② . 120 Μl of 1000-fold diluted gel-loading dye is taken and added into a gel sample plate, 3 μl of the QC diluent is mixed, a sealing film is covered, the mixture is vibrated, mixed uniformly and centrifuged, and the gel is removed for quality control.

Wherein the Gel-loading dye is Invitrogen^TM TrackIt Cyan/Orange Loading Buffer(Invitrogen P/N10482-028);25bp Invitrogen Ladder(Invitrogen P/N 10488-022); Gel electrophoresis system Invitrogen E-Gel ^TM 48 agarose gels 4%, G8008-04.

4. Denaturation and hybridization

S15, placing the hybridized mixed solution at room temperature for 5min, after short shaking, centrifuging at 1000rpm for 30S, and placing at least 25min at room temperature.

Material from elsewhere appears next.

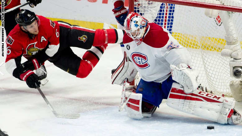 10 – حارس مرمى فريق مونتريال كانيديانز، داستن توكراسكي، يلتقط ضربة من خصمه بوبي رايان من فريق أوتوا، خلال دورة ألعاب الهوكي الوطنية المقامة في أوتوا بتاريخ 18 فبراير.

S16, placing the hybridization plate in a PCR instrument, and starting a denaturation program (Denature program): denaturation at 95℃for 10min and denaturation at 48℃for 3min, cooling.

S17, after the denaturation procedure is finished, the hybridization plate is taken out and placed in a preheated 96-well metal tank, 105. Mu.l of the denatured hybridization solution is carefully transferred to a hybridization plate (CNVPLUS ^TM Consumables Kit) by a pipette, and no bubbles are generated.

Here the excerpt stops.